今回の小説に出てくる感動の物語、「大造じいさんとガン」もそうです。これは椋鳩十さんが、戦争に加担するような絵本をたくさん書いてしまったことに対して、自分を悔いて、贖罪のような気持ちで戦後に著された絵本だそうです。

会場で「大造じいさんとガン」を知っておられますか?と、お聞きしたら、手を上げて下さった方は、全体の3割ほどでした。とても残念で、むちゃぶりかと思いつつ、藤岡さんにあらすじを簡単にお話してもらえますか?とお願いしてしまいました。

すると、「上手く話せるかな?」と言いつつも丁寧にお話して下さり、感動のシーンでは説明しながら涙声になられ、「泣きそう。。。」と言いながらも続けてくださいました。

そんな藤岡さんを見ている会場は、「大造じいさんとガン」の話への傾倒もさることながら、何とも言えない温かい空間となっていきました。

第二部では、「満天のゴール」のNHKでのドラマ化、今秋には「おしょりん」の映画化ということもあり、自身の著作が映像化されることについて、これらの本にまつわるエピソードをお聞きしました。

眼鏡卸組合から参加して下さっていた方から「おしょりん」への質問

地方自治体が行っている3歳児健診について、問診だけのところもあるが、大阪府ではやっと去年から機械を入れての健診をするようになった。6歳で視力が固まってしまうため、3歳児健診で、異常を見つけることが、重要視される。「おしょりん」の物語の中に出てくる末吉さんのお子さんは、視力の低い子どもの設定だが、このエピソードはどのような経緯で思いつかれたのですか?

という問いに対して、

看護師もしておられる藤岡さんだから語れるエピソードと共に、なぜこの設定にしたのかも教えていただくことができました。
「常に、首をかしげる姿勢にかたまってしまう子どもさんがいて、整形外科に、長年ずっと通っていたのですが、その原因は目にあるのではないか?と気づかれた眼科医がいたんです。『斜めに見えるために、ずっと首をかしげて見ていたのだ!』その原因を掴み、これは治るということを発見した眼科医の存在。先入観にとらわれずに柔軟に観点を変えることで解決に導くこと、これに感動して末吉の子を、視力の低い設定にしたという。
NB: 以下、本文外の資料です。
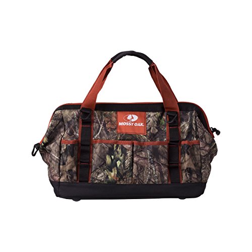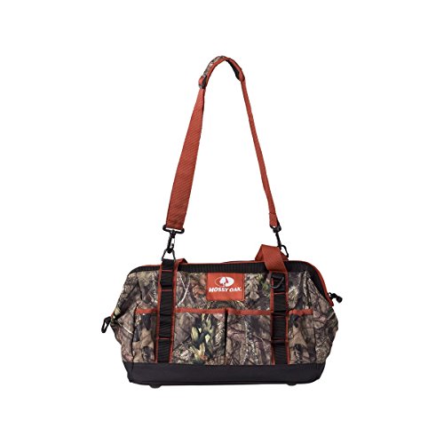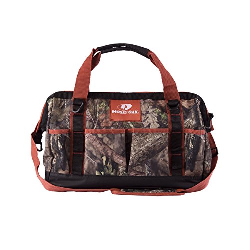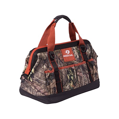 The camouflage zipper tool tote is rugged and ready for any job with a durable reinforced base and multiple easy-access tool pockets. This tool bag features camo print, high-visibility accents, durable carry handles, and a removable shoulder strap. Ithas a large, zip-close top and is tough enough for transporting heavy items for work, hunting, travel, or camping.
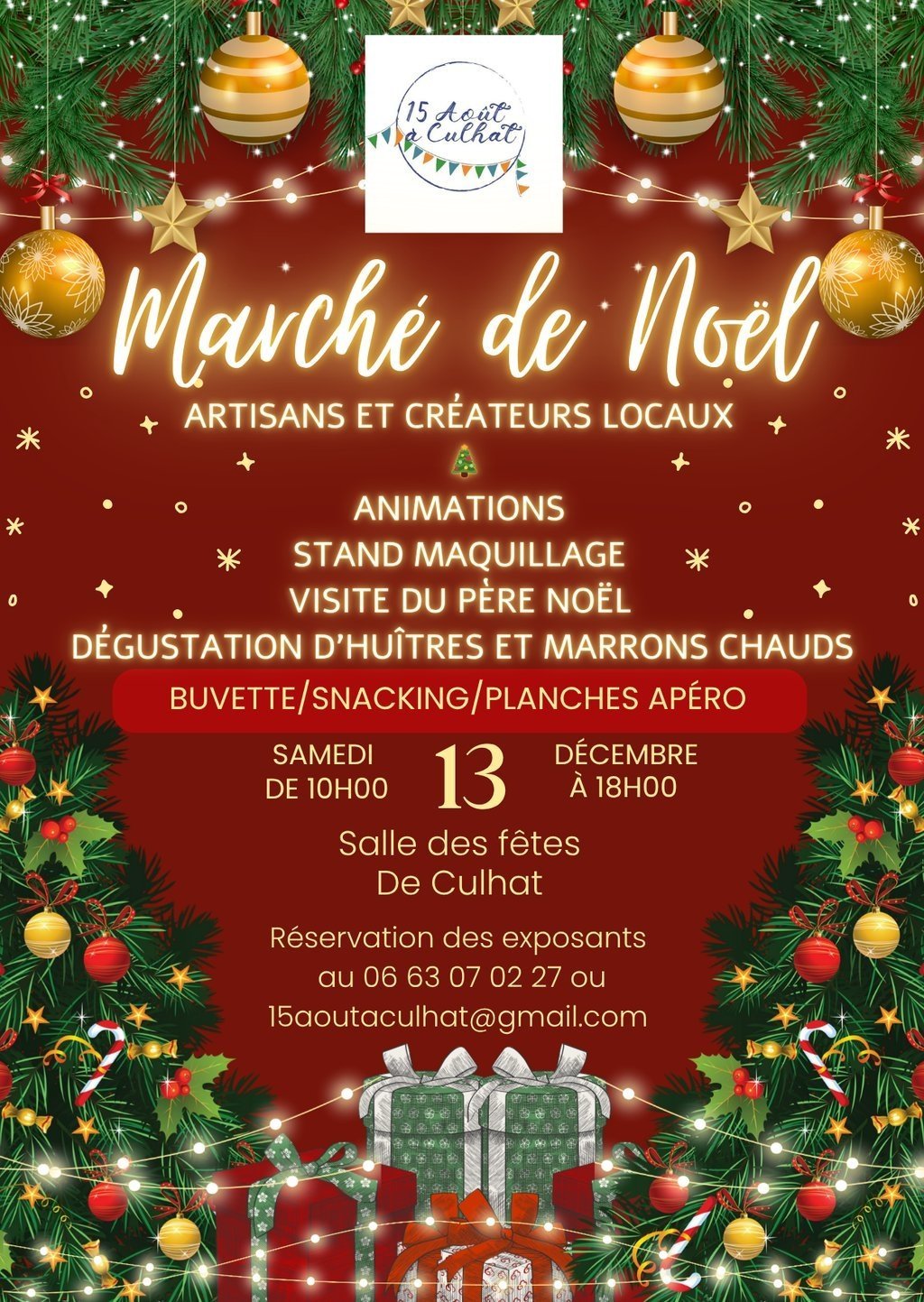 samedi 13 décembre : marché de noël à Culhat (10h-18h) et à Moissat (15h-20h)

今回は、ここだけの話も沢山お聞きすることができ、その中で、作家の方の人間性まで感じとることができました。改めて、体験型のイベントを続けてきて本当に良かったと思いました。


藤岡陽子さん、お忙しい中ありがとうございました。


最後に、編集者の大久保さんからのメッセージを載せさせていただきます。

「藤岡陽子さんの小説を読み終えると、何れの作品にも共通の思いが込み上げてきます。人間っていいなあ、生きているっていいなあと言う思いです。小説の「エンタメ」呼称からなのか、小説は役に立つものではないと思っている人は多いのではないでしょうか。
読み終えると生きる力が漲ってくる、これ以上に人の役に立つものはあるでしょうか。